Quote:Original post by zhugel_007
Hi all,

I have a quick question of normal map. As I know, normal map (not bump map) uses 3 channels. red and green channel are for binormal and tangent. what is blue channl for? Normal could be calculated from the binormal and tangent, right?


You're correct in saying it should be possible to calculate the third component of the vector from the other two - and while I believe there are some DX image formats that do this, by and large, you don't want to be paying this hit at runtime (don't forget there's a sqrt in there!) - so the normal map usually stores all three normal components.

If you do compress the normal down to two channels, I think most engines usually choose to store the normal and tangent (and calculate the binormal).

There's no rule which forces you to use particular colours for particular channels - but usually, if the normal map is storing world or object space values, RGB is usually XYZ. Tangent space normal maps are a little different. Blue is "up" (i.e. off the surface) and R and G are the tangent and binormal. But you'll need to be aware of which coordinate system (left/right handed) to use.
That make sense.
Thanks for all your answers!
:)
if you have the x and y values in the texture, to make the z channel you can just use Normalize() in the pixel shader, like normalize(float3(normr, normg, 0.08f).

That gives you the z channel. So one could pack 2 normal maps into a single rgba texture.
If understand correctly, world/object space normal map are using three channels and tangent space normal map is using 2 channels? If there is not much performance penalty by using 2 channels as Matt said, what is the benefit by using world/object space normal map?
The advantage of using world space normal maps means you don't have to do the matrix math to transform world space light vectors into tangent space.. this saves vertex or pixel processing time. However, it also means you can't transform the positions of your geometry, or use tiling in your normal map; this means world space normal maps are almost never used in applications like games.

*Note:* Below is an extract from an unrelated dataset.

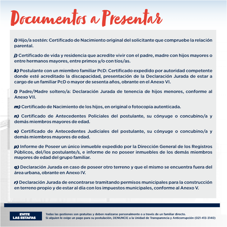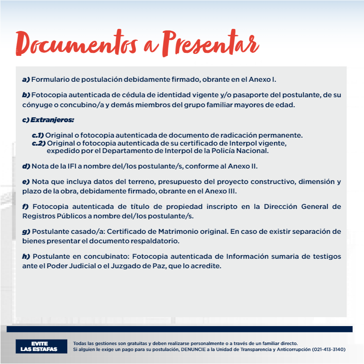 INGRESÁ AL SIGUIENTE ENLACE PARA DESCARGAR LOS REQUISITOS https://www.muvh.gov.py/mivivienda

Just to clarify some things in case there is confusion: "tangent", "binormal"(or bitangent), and "normal" are each 3-component vectors. The normal map defines a single 3-vector which is a normal in world or tangent space. It does require 3 components, x,y,z. You can generate the 3rd component, z, in a shader using the normalize function, but I don't know if this works in a world space normal. Most applications use rgb tangent space normal maps.
Generating the z component of a normal vector works in tangent space because in tangent space, z is always positive. If it was world/object space, you would need to know the sign of the z component.
Quote:Original post by Matt Aufderheide
if you have the x and y values in the texture, to make the z channel you can just use Normalize() in the pixel shader, like normalize(float3(normr, normg, 0.08f).

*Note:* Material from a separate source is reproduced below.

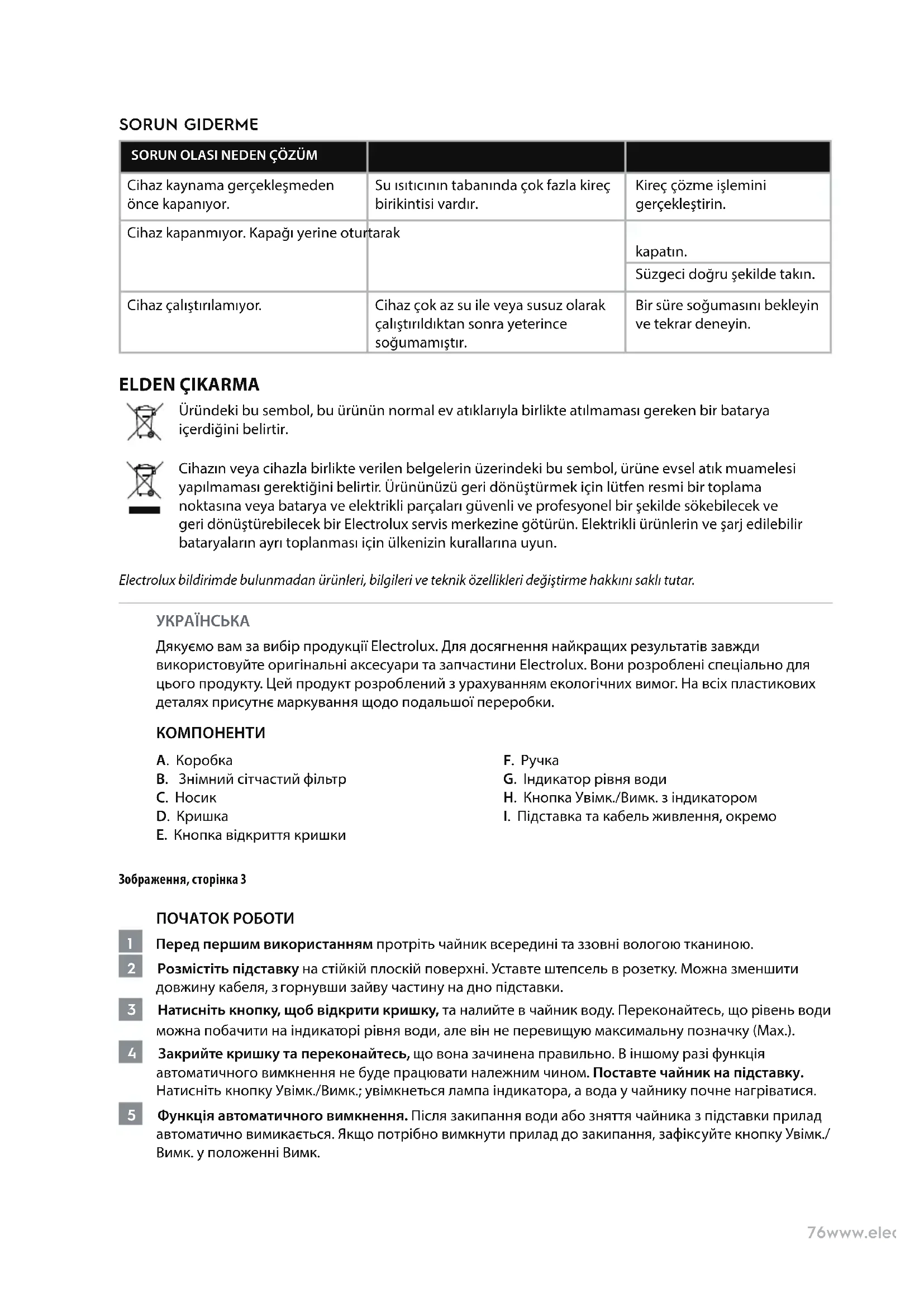 EEWA3330 - чайник ELECTROLUX - Безкоштовний посібник користувача

That gives you the z channel. So one could pack 2 normal maps into a single rgba texture.


Ummm, is that really correct? I don't think I've ever seen that done. We re-construct Z in our tangent-space normal maps, but we do the much more common sqrt(1-dot(xy,xy)).

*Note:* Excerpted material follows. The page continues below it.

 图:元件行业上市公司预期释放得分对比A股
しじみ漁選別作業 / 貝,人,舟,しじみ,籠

Using normalize like you're suggesting would involve scaling all of the values you put into the normal map so that you get the correct results out. And that constant that you pick as Z affects the amount of precision you can encode. For very skewed normals, it won't work at all, because the X and Y encoded in the normal map would need to have magnitude greater than one.
To skip another instruction you can use partial derivative normal maps. The idea is to store the paritial derivate of the normal in two channels of the map like this

dx = (-nx/nz);
dy = (-ny/nz);

Then you can reconstruct the normal like this:

nx = -dx;
ny = -dy;
nz = 1;
normalize(n);

The advantage is that you do not have to scale (*2)and bias (-1), so you can skip one instruction in each pixel shader that uses normal maps.
This is especially cool on the PS3 while on the XBOX 360 you can also create a custom texture format to let the texture fetch unit do the scale and bias.
More details can be found at

http://www.insomniacgames.com/tech/articles/1108/files/Ratchet_and_Clank_WWS_Debrief_Feb_08.pdf

Look for Partial Derivative Normal Maps.